Help With Adjusting Short Credit Spread

Discussion in 'Options' started by HealthPro, Apr 9, 2019.


  1. You wont go into the why of how come you held a position that has moved 23 points against you, that has moved almost 10% in the wrong direction?

    and people wonder why they fail at trading....
     
    #11     Apr 12, 2019
  2. kj5159

    kj5159


    I totally agree with you.
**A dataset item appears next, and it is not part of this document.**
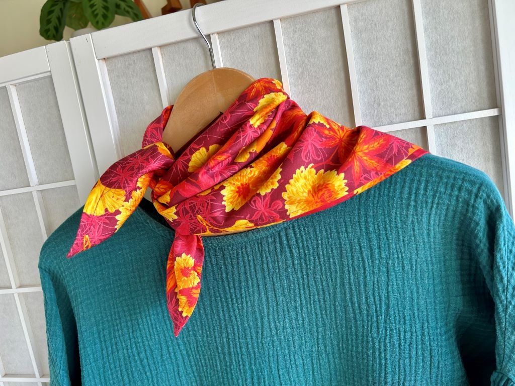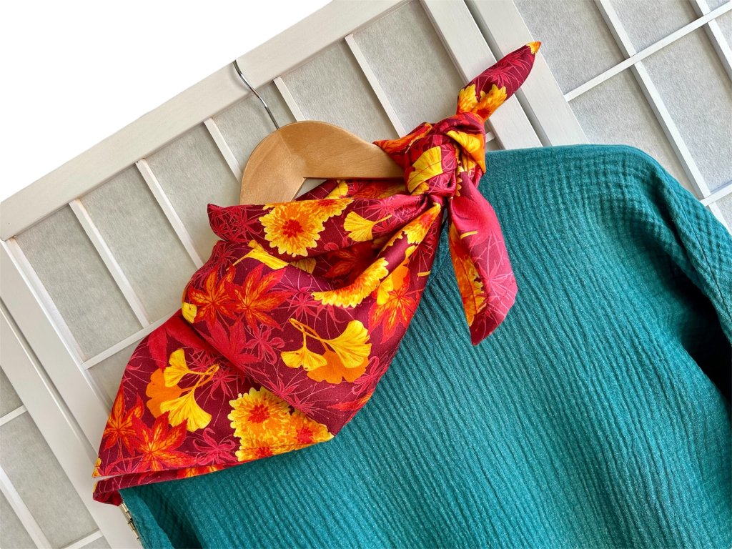 - šátek je multifunkční a využijete ho nejen jako praktický módní doplněk, ale i jako ubrus na stůl nebo na balení dárků technikou furoshiki
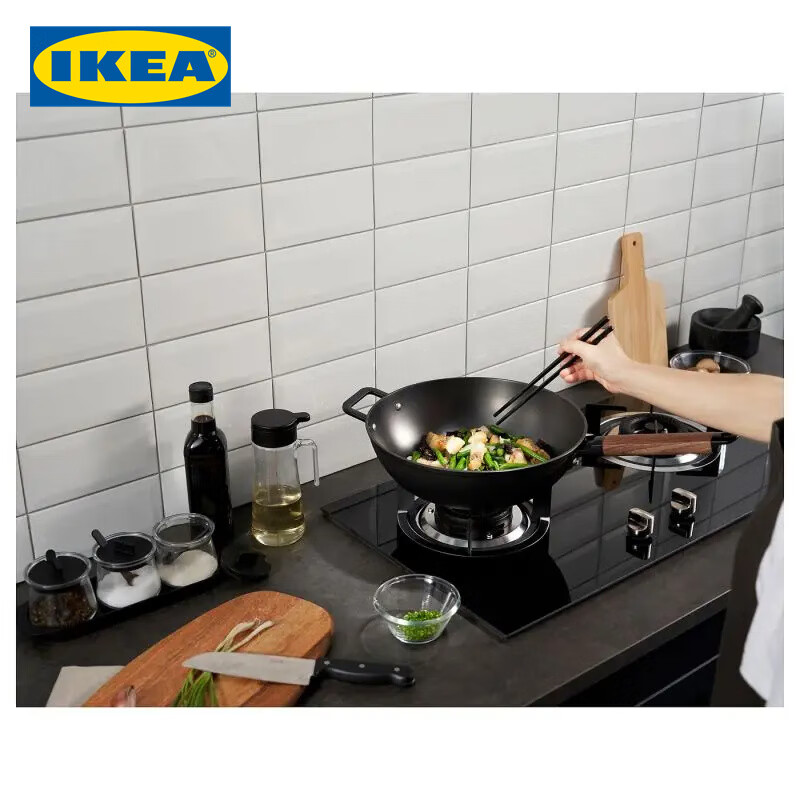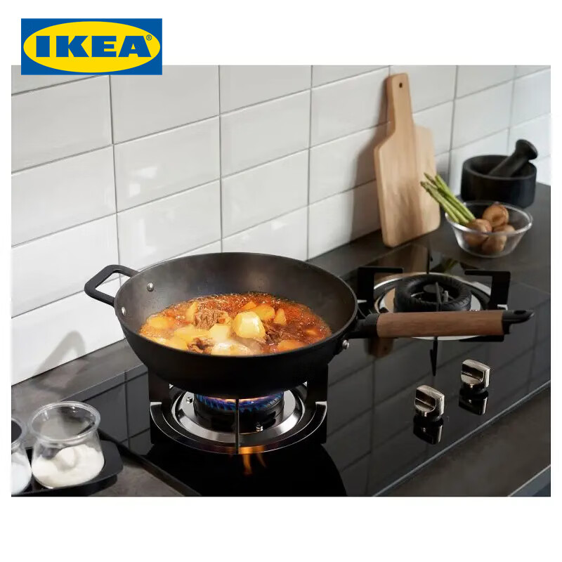 宜家 IKEA VARDAGEN 瓦达恩 带盖中式炒菜锅 铸铁 30厘米 炒锅/个

I'm particularly interested in the relationship between the prices of option contracts with the same expiry and different strikes (mostly vertical spreads but just looking at segments of the chain itself rather than a particular vertical spread).

    I have nothing concrete yet, haven't had the time to fully devote to understanding it but I'm highly convicted that the need/whatever to keep vertical spreads (any number of strikes) at certain prices creates pricing differences that wouldn't exist if for some reason the options all traded independently (obviously impossible and rediculous but it's useful in the breakdown of the problem to be solved).

    So for instance you have an XYZ Dec 19 $100 call trading at $5 and the $105 call at $4, say you enter the trade now (long or short doesn't matter) and a few months down the road in say September, the spread will still be $1 or very close to it, while the options have deteriorated significantly, they might be at $1.50 and $2.50. To me this seems very out of whack although I haven't been able to look into it yet so I have no idea why.